ご覧いただきありがとうございます。
本と宴へようこそ。

どうも、宴です。
空に浮かんでいるものってきれいだよね。でも、それを眺めている人間はきれいなのかな。信じるに値する人間なのかな?
ということで、今回は今村夏子さんの『星の子』をご紹介させていただきます。
<おすすめ記事>
星の子/今村夏子
林ちひろは、中学3年生。出生直後から病弱だったちひろを救いたい一心で、両親は「あやしい宗教」にのめり込んでいき、その信仰は少しずつ家族のかたちを歪めていく…。野間文芸新人賞を受賞し、本屋大賞にもノミネートされた著者の代表作。(「BOOK」データベースより)
あやしさ | 9/10点 |
---|---|
ドキドキ | 8/10点 |
感動 | 8/10点 |
切なさ | 10/10点 |
読みやすさ | 10/10点 |
総評 | 10/10点 |
書評・感想文
これはおかしい
昔々の話です。職場の知り合いの方に「いいこと教えてやるよ」と言われ、「ふわぃ」と空に舞いあがる風船ぐらい軽い返答をしてしまった結果、着いていった先で僕は大後悔をしました。いわゆるマルチ商法でした。
主に化粧品を売っている会社でした。衝撃だったのが、説明で見せられたDVDで水槽の中泳いでいる魚たちに化粧品を投入。弊社のはピンピンしていますが、他社のはすぐに死んでいってますね、ね、すごいでしょ? …いや、実験であろうと魚を不必要に殺してしまう会社に用はございません。その日から僕は雲隠れ。空島のような電波の届かない場所へと旅立ちました。
でも、もし紹介してきた人が、自分の信じる家族や友人であったならば、僕は空島に旅立ったのでしょうか。もしくは、マルチ商法、それに準ずる宗教が物心ついた時から存在している生活をしていたら、僕は両親に「これおかしい」と断じることができるのでしょうか。
信じ切れるのか
本作『星の子』に出演中のちひろの両親は、あやしい宗教にのめりこんでいました。ちひろにとっても幼い頃から当たり前の状況だったので、日常の一部分となっています。ですが、当然と言えば当然なのですが、外の世界の住人たちは、それを「おかしい、あやしい」と懐疑的な目を向けてくるのです。
そんな状況の中、信じる人が信じている信じ難いものを信じ切れるのかどうか。本作はそんな議題を物語という形にして、議論に議論を重ねまくり、ミルフィーユのようにまたさらに重ねていく小説です。
文章という魔法
不思議なのが、作中ちひろの心情はほとんど語られません。なのに、ちひろの気持ちを慮ると、息苦しさと歯がゆさが身体中を駆け巡り、胸が掻きむしられるような痛みともどかしさを感じるのです。ひょっとすると、今村夏子さんは本作に魔法をかけたのかもしれません。文章という魔法を。あ、あやしいですね。
それにしても日本人は宗教=あやしいと即断しがちな気がします。まぁ、大抵はあやしいのでしょうけれど…でも、もしも大切な人が信じていることなのであれば、その信じているものを一緒に信じてみるのもアリなのかもしれません。
たとえそれが間違いで、本当にあやしかったとしても、信じたいって思う気持ちには、何一つあやしいところなんてないのですから…
まぁ、間違ではあるかもしれませんが…
心に残った言葉・名言
『身体の中で宇宙に一番近い部位であり、また全身の神経が集まる場所でもある頭頂から直接働きかけることにより、血液中のリンパ球がより一層刺激される』

だからね、人からあんたのことをこの人誰ですかってきかれても、なんて説明したらいいかわかんないのよ。友達ですって言葉がすぐにはでてこないの。

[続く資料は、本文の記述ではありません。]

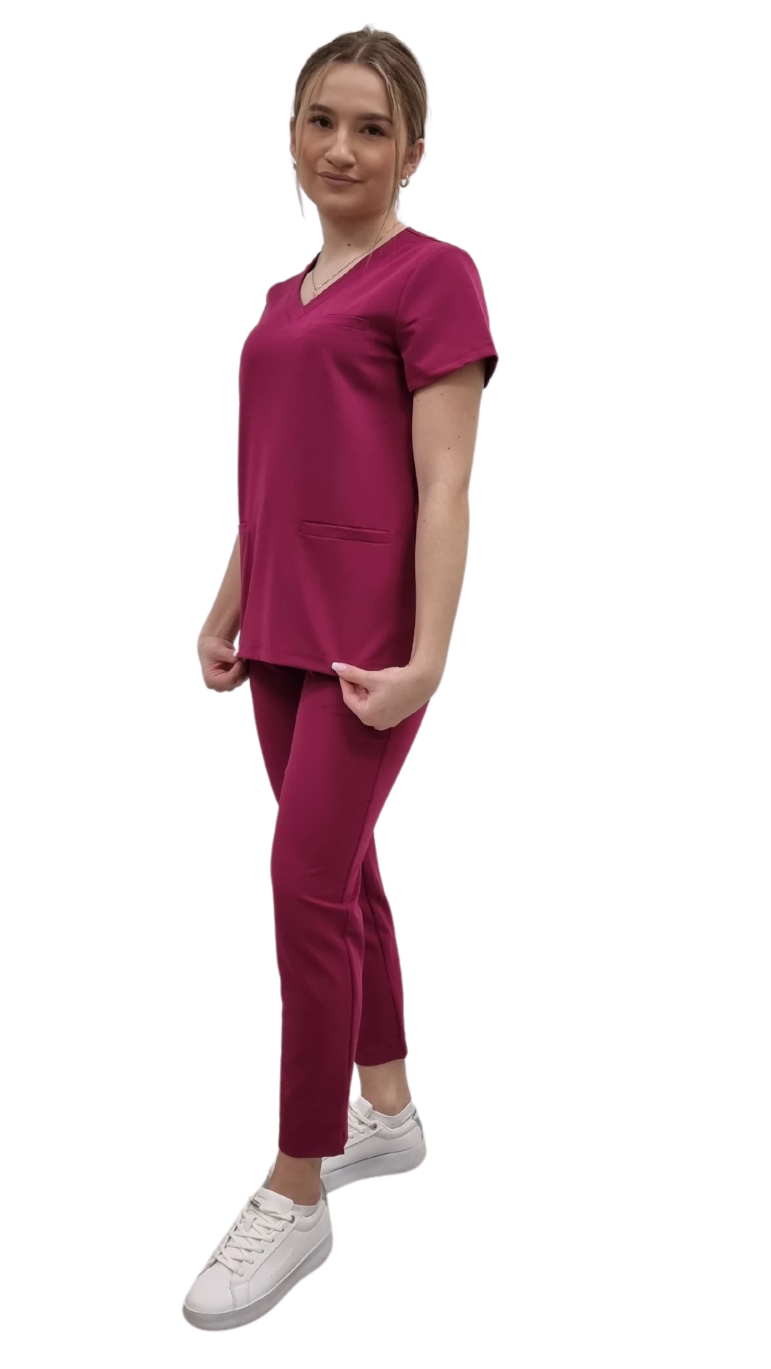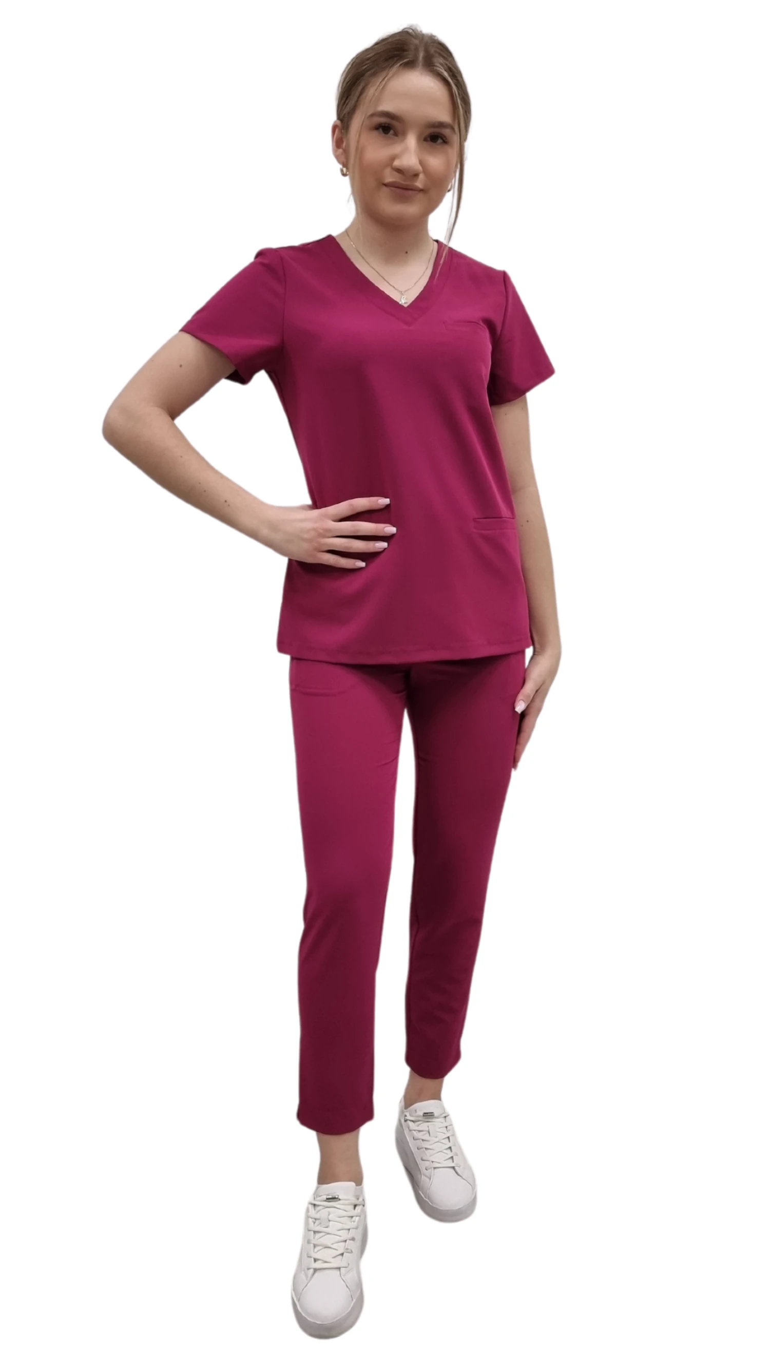 Медицински дамски униформa BASIC PREMIUM в цвят вишнев е професионален комплект, който съчетава модерен стил, комфорт и високо качество на тъканите. В състава на комплекта влизат медицинска блуза BASIC PREMIUM и медицински панталони BASIC PREMIUM, които заедно съставят надеждни scrubs за работа в медицинския и козметичния бранш.
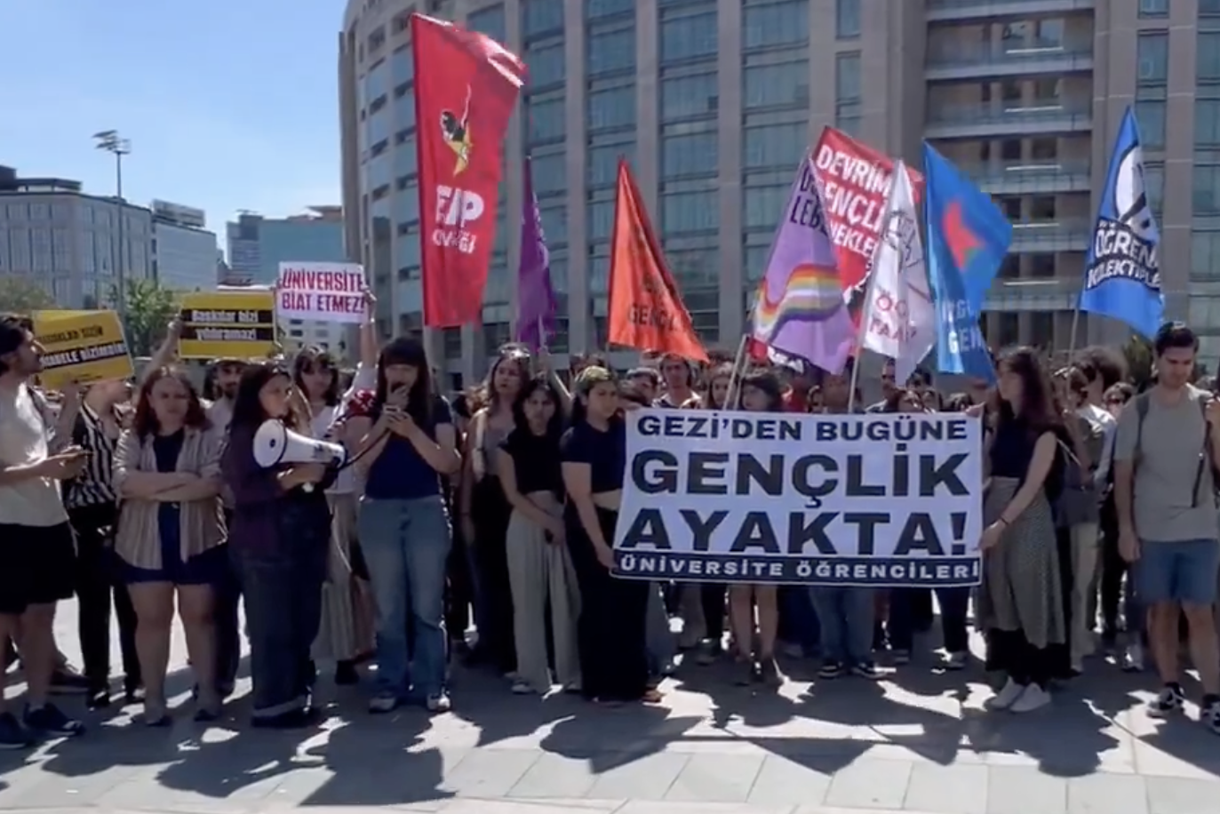 Üniversiteler özgür düşüncenin, eşitliğin ve bilimin alanı olması gerekirken; baskıların, yasakların ve polis ablukasının merkezine dönüştürülmek isteniyor. Ancak biz, bu kampüsleri savunmaktan, yeniden özgürleştirmekten geri durmayacağız. bizler yalnız bugünü değil, geleceği de savunuyoruz. Yoksulluğa, güvencesizliğe ve adaletsizliğe karşı bir yaşam alternatifi kurmak isteyen bir kuşağız. Artık böyle yaşamak istemiyoruz. Elimizden her şeyi alındığı, yaşam güvencemizin olmadığı bir yerde artık kaybedecek bir şeyimiz yok. Sonuna kadar mücadele etmekte kararlıyız. Eğer bugün bir suçtan bahsedilecekse, o suç; Gezi’yi anan öğrencilerin gözaltına alınmasıdır. Suç; kampüsleri öğrencilerden değil, faşist gruplardan korumak yerine gençleri hedef almaktır. Suç; üniversiteyi polisle, özel güvenlikle, baskıyla teslim alma girişimidir.

……ぼくは、ぼくの好きな人が信じるものを、一緒に信じたいです。……それがどんなものなのかまだ全然わからないけど、ここにくればわかるっていうんなら、おれ来年もここにきます。わかるまでおれはここにきま、えー、くることを、おれはおれの好きな人に、約束します

今村夏子さんの他作品
最後に

大切な人があやしい宗教にのめりこんでいる人、大切な人を信じたい人、両親が河童の人にはおすすめだから、ぜひ読んでみてね。
それでは本日はこのへんで。
ご覧いただきありがとうございました。